In our study, no adverse events occurred (e.g., bleeding, perforation, pancreatitis and sedative-related adverse events) after DBE. According to different reports, the incidence of DBE complications is between 1.2% and 1.6%[35, 36]. When the small bowel is contorted, or stenosis is present, any further insertion of the endoscope would increase the risk of perforation. For this reason, we stopped insertion in such situations. Determination of the most appropriate DBE insertion route is based on lesion location information provided by CT or other additional examinations. For the seven patients who underwent VCE, their insertion route was based mainly on the results of VCE. When the VCE and CT results were very different or without clear evidence of small bowel involvement, we chose the oral route for insertion because deeper insertion can be achieved via the oral route, increasing the potential of finding the lesions[37]. According to Mays’ method[38], which is widely used in clinical practice and has been found to be effective in estimating the depth of endoscopic insertion, we estimated insertion depth by calculating the number of strokes (insertion and withdrawal cycles).
There are several limitations in this study that must be discussed. First, the study was a retrospective study with a small sample of patients. Because of the low incidence and low prevalence of small bowel CD in Asian regions, in this single center study, we were unable to obtain a larger sample, which may have affected diagnostic accuracy.
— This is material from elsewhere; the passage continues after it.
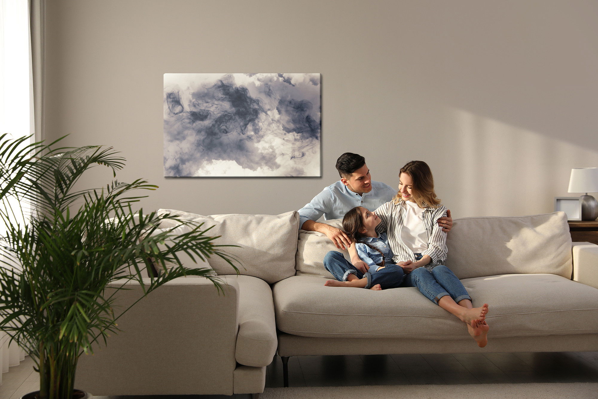 Varje tavla monteras på en massiv fururam. Format upp till 70×50 cm har en ram på 15 mm, medan format från 90×60 cm och uppåt har en ram på 20 mm. Den exakta dukspänningen gör att tavlan håller sin form över tid. Motivet Abstract dark clouds trycks runt hela ramen vilket ger ett stilrent galleriuttryck där tavlan är lika vacker från sidan som framifrån. Kombinationen av rak dukspänning, rena linjer och korrekt tryck ger en professionell finish.

Second, because skilled endoscopists and anesthesiologists are required, the application of DBE in the diagnosis of small bowel CD is currently not widely used. Because our hospital is a tertiary referral center, our patients may not be representative of patients with small bowel CD. Many of the patients in this study had a relatively long medical history, and their condition was quite serious; thus, these patients may have had typical and obvious macroscopic features, enabling easier detection of lesions via DBE. On the one hand, this may have increased the diagnostic accuracy of DBE; on the other hand, opportunities to identify lesions may have been missed because of complicated abdominal conditions that limited the use of DBE, such as surgical adhesion and deep ulcers or stenosis of the bowel.